Lethata satyropa

Scientific classification
- Kingdom: Animalia
- Phylum: Arthropoda
- Class: Insecta
- Order: Lepidoptera
- Family: Depressariidae
- Genus: Lethata
- Species: L. satyropa
- Binomial name: Lethata satyropa (Meyrick, 1915)
- Synonyms: Stenoma satyropa Meyrick, 1915;

= Lethata satyropa =

- Authority: (Meyrick, 1915)
- Synonyms: Stenoma satyropa Meyrick, 1915

Species of moth

Lethata satyropa is a moth of the family Depressariidae. It is found in French Guiana.

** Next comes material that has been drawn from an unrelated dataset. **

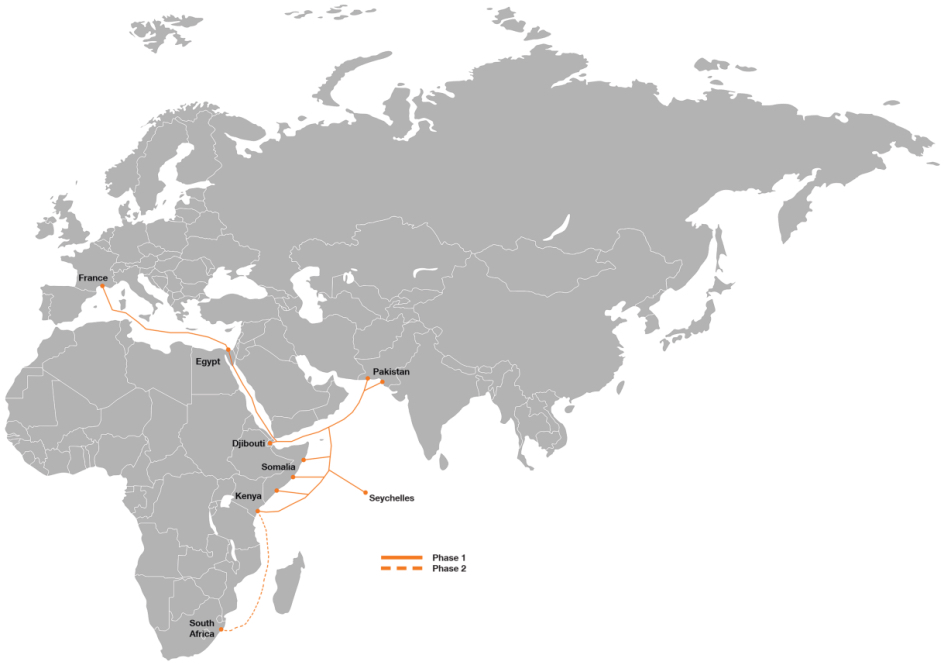 Dans le cadre de son partenariat avec PCCW Global et PEACE Cable International Network, Orange a acquis de la capacité sur le câble entre Marseille et le Kenya afin de soutenir la croissance du trafic en Afrique de l’Est, notamment en direction de La Réunion et de Mayotte. L’objectif pour Orange est également de sécuriser  des routes alternatives et de réduire sa dépendance vis-à-vis des systèmes existants sur la côte orientale de l’Afrique.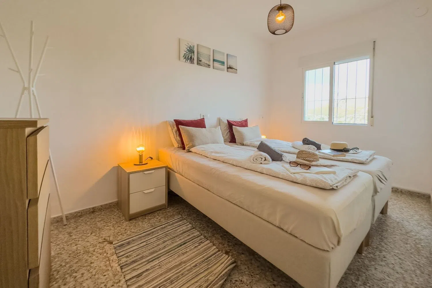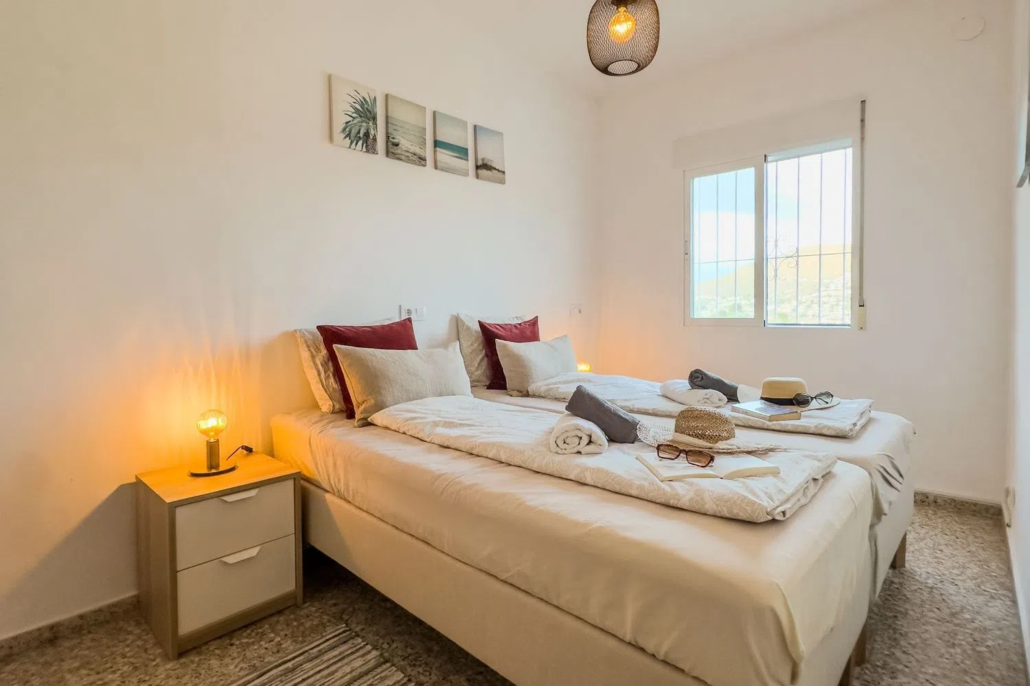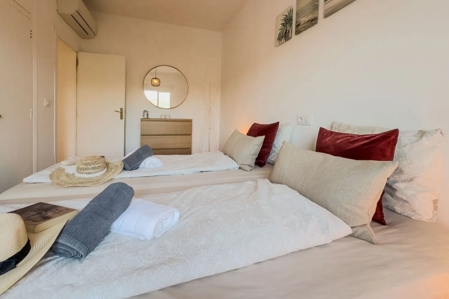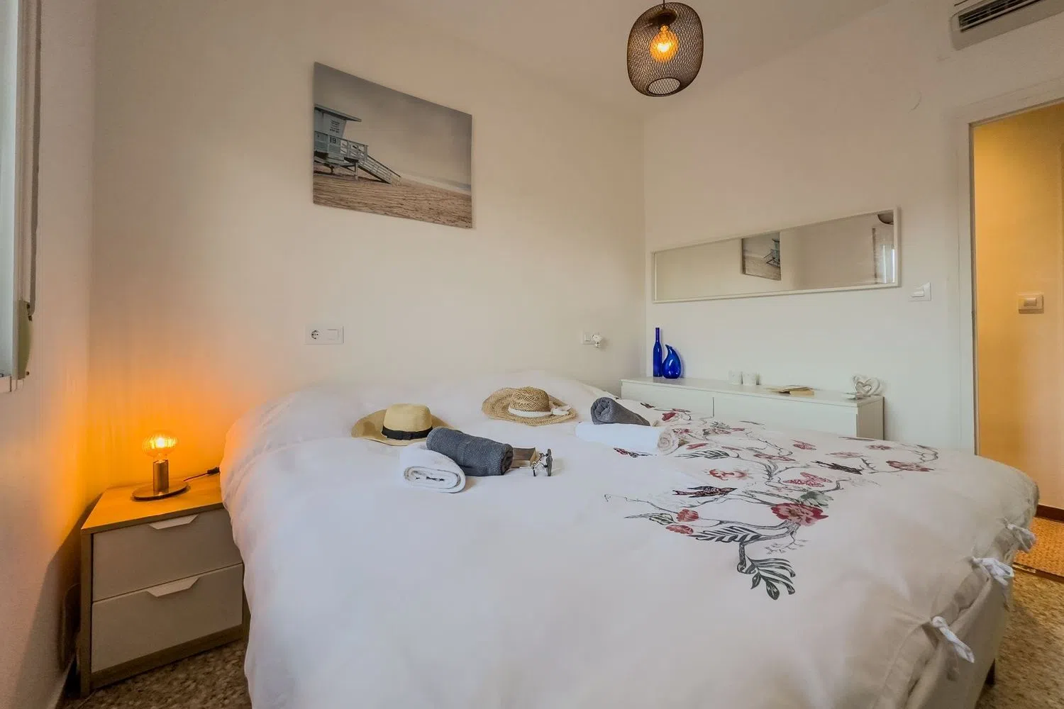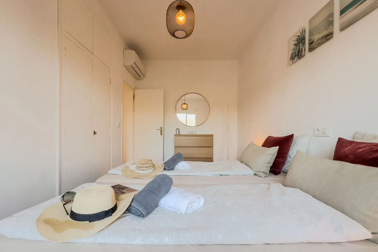 A hallway leads to two well-appointed bedrooms: a master suite and a second room with twin beds. Both bedrooms come with built-in wardrobes and provide tranquil mountain views that enhance the sense of spaciousness. The full bathroom features a comfortable shower for your convenience.

The wingspan is about 25 mm. The forewings are deep ochreous, with scattered black scales and with the costal edge dull crimson from the base to two-thirds, suffused beneath with purple and with a slender brown-red streak along the dorsum nearly throughout. There is a cloudy purplish line at two-fifths from the disc to the dorsum and a rather large round dark fuscous spot in the disc beyond the middle, containing a transverse purplish spot. A faint fine curved fuscous subterminal line is found from the disc to the dorsum and the apical and terminal margin are deep yellow ochreous. The hindwings are whitish ochreous, the dorsal third suffused with pale greyish, the apical and terminal edge yellow.